In June 1812, Napoleon’s forces invaded Russia, but, much to their surprise, the Russian army fell back. In July 1812, they had a small battle with the Russians but Napoleon kept getting sucked further into the country. But by that time, 80,000 soldiers were dead; thousands were too weak or ill to continue; and Napoleon had lost a one-third of his central strike force. Napoleon had misjudged the length of the supply lines needed and the Grand Armee had been forced to ‘live off the land’. However, as the Russians had retreated, they had burned crops and scorched the land. The army was soon decimated by hunger, exhaustion and disease.

Battle of Borodino, 1812
Soon, the big decisive battle that Napoleon had wanted for so long was soon the arrive at Borodino. The Russians took up a strong defensive position. Napoleon, then, made his big tactical error. He was cautious and soon his caution would prove to be self- destructive. Napoleon opted for a frontal attack. The battleground soon became a bloodbath. The French won but Napoleon had greatly underestimated the enemy- a trait that was to be his bane in the future. The winter of 1812 in Russia was especially harsh. The whole campaign had been a massive humiliation for Napoleon. 95% of his army had been captured or were dead and two-thirds had died because of other causes that military. The campaign was a catalogue of mistakes made by Napoleon. 1812 looked to be the beginning of the end for Napoleon.

The rest of all the powers of Europe had all allied themselves against Napoleon. Napoleon won some military victories in 1813 but his opposition came up with an effective tactic that saw them achieve more victories. They only attacked when Napoleon’s marshals were present but fell back when Napoleon came.
The weight of numbers finally crushed Napoleon as France had never fully recovered from the disaster of 1812. In 1814, the Russians captured Paris and the Tsar entered the city. Napoleon had finally paid the price for the failure in Russia. By that time, France was exhausted. Napoleon still wanted to fight but the population was against him. The entire senate had turned against Napoleon. Finally, he agreed to abdicate and was exiled to the small island of Elba. On 26 February 1815, Napoleon left Elba for France. He was greeted as a national hero and was seen as a revolutionary patriot.

On 20th March, 1815, he arrived in Paris. In reality, Napoleon was prepared to forget what happened but the Seventh Coalition were set on vengeance at the audacity of Napoleon’s escape and the threat he might possess to the peace of Europe. Napoleon then attacked Blücher’s Prussian army but they managed to reorganise themselves. Wellington offered battle to Napoleon after learning of the Prussian army’s reorganisation and that they would be able to march to support. 

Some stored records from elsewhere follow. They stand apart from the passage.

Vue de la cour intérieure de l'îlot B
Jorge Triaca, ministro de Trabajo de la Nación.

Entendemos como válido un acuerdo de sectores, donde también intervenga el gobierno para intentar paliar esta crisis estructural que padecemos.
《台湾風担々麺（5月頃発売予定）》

Battle of Waterloo, June 18, 1815
At the start of the Battle of Waterloo, Wellington managed to withstand several French attacks. Napoleon was engaged in battle when he saw movement far out to the east. It was the Prussians. Blücher’s army had come and smashed the right flank of the French army. The French and the Prussians were soon locked in battle. The French were under immense pressure from both sides so they had to split their resources.

Napoleon’s tactic in most battles was to try and outflank the enemy. However at Waterloo, the topography and Wellington’s position made that impossible. Instead, the enemy was outflanking him. The Battle of Waterloo was a staggering defeat and he was at the state of no return. One month after Waterloo- Napoleon surrendered. He was exiled to St. Helena where he spent the rest of his days- humiliated but at least not dead.

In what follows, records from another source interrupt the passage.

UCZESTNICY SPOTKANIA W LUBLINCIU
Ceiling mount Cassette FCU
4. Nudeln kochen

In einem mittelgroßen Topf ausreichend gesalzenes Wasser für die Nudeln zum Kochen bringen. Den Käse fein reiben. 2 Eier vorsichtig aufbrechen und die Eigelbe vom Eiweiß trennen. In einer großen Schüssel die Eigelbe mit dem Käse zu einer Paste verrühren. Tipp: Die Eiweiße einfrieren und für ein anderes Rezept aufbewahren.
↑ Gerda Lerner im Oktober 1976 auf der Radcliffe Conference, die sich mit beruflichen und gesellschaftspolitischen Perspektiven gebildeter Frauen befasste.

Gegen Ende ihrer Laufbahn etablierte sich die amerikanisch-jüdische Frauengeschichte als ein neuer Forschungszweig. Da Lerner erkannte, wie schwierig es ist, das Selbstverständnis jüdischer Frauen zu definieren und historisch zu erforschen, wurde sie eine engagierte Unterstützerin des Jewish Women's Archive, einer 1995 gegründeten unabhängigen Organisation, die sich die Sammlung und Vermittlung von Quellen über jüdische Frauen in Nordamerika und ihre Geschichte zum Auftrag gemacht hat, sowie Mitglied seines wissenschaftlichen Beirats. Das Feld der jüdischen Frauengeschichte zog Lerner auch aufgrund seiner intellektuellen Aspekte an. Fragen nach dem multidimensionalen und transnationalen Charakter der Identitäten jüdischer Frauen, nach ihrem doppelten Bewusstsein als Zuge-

Napoleon sent into exile for the final time, 1815
The downfall of Napoleon was a chain of events. It began when he waged an economic war against Britain. Portugal and Spain weakened him further. He woefully trusted the Tsar Alexander. The invasion of Russia was a catastrophic disaster and one that spelled the end for him. Waterloo was the final push that sent the Napoleonic Empire crashing into a dark abyss, never to return.

The world according to Napoleon was changing and Napoleon just did not adapt to it.